Section 3.12    Taxes .  (a) The Company and each Company Subsidiary has timely filed with the appropriate Governmental Entity all income Tax Returns and other material Tax Returns required to be filed by them, and all such Tax Returns are complete and correct in all material respects. All Taxes due and payable by the Company and each Company Subsidiary have been paid, and the Company and each Company Subsidiary have provided adequate reserves in accordance with GAAP in their financial statements for any Taxes that have not been paid. The Company has delivered or made available and will continue to make available to the Purchaser complete and accurate copies of all material Tax Returns relating to any Tax periods of the Company or any Company Subsidiary for which the statute of limitations has not expired.

 

(b)    There are currently no deficiencies for Taxes that have been claimed, proposed or assessed by any Governmental Entity against the Company or any Company Subsidiary for which adequate reserves have not been provided in the Company Financial Statements.
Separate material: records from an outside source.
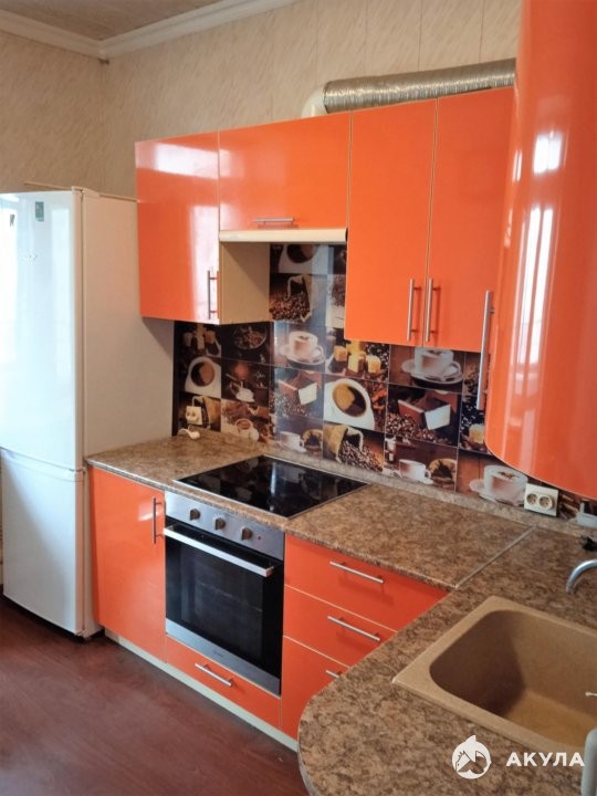 Полностью оборудованная кухня: холодильник, плита с 4 конфорками, духовка, микроволновка, электрический чайник, небольшой набор посуды.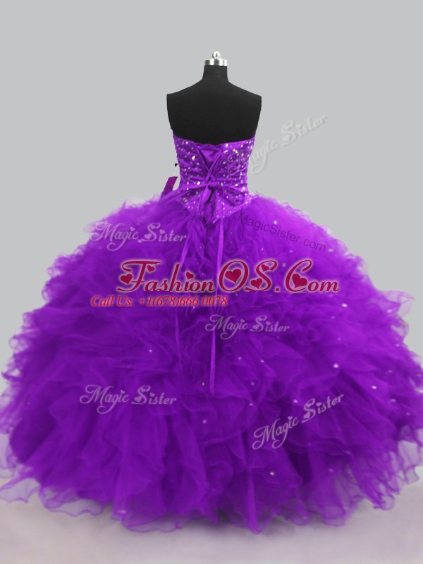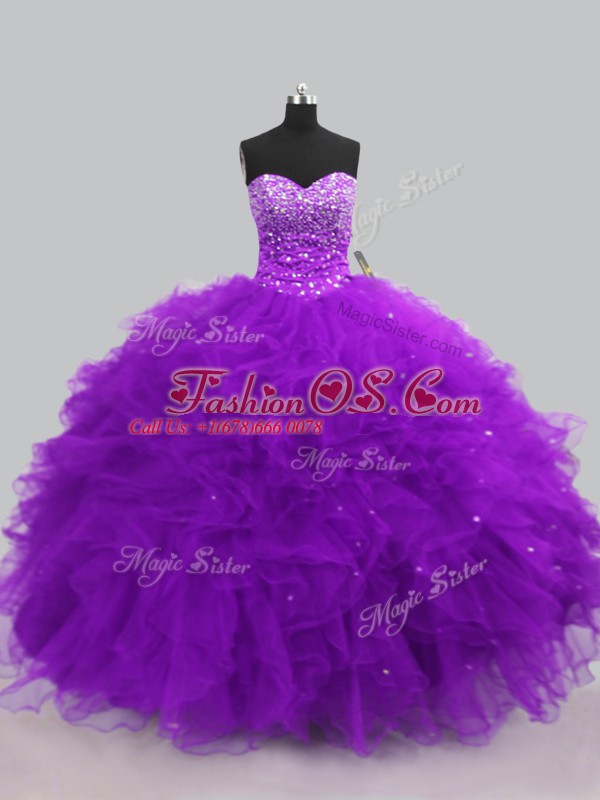 Floor Length Purple 15th Birthday Dress Tulle Sleeveless Beading and Ruffles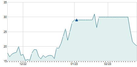 Giá đóng cửa ngày 22/02/2021

There are no pending, or, to the Company’s knowledge, any threatened audits or other administrative proceedings or court proceedings with regard to any Taxes or Tax Returns of the Company or any Company Subsidiary. There are no matters under discussion with any Governmental Entity with respect to Taxes.

 

(c)    The Company and each Company Subsidiary has withheld and paid all Taxes required to have been withheld and paid in connection with amounts paid or owing to any employee, independent contractor, creditor, stockholder, or other third party.

 

(d)    To the knowledge of the Company, no payment of any consideration with respect to the Offer or the Merger is subject to withholding under Section 1441 or 1445 of the Code.

 

(e)    None of the Company or any Company Subsidiary has engaged in a transaction similar to any “reportable transaction” or “listed transaction” within the meaning of current, former or temporary Treasury Regulation Section 1.6011-4 for which there is no amount reflected in the financial statements of the Company or relevant Company Subsidiary.

 

(f)    Neither the Company nor, to its knowledge, any of its affiliates has taken or agreed to take any action that would prevent the Offer and the Merger from qualifying as a reorganization within the meaning of Section 368(a) of the Code. The Company is not aware of any agreement, plan or other circumstance that would prevent the Merger from qualifying as a reorganization within the meaning of Section 368(a) of the Code.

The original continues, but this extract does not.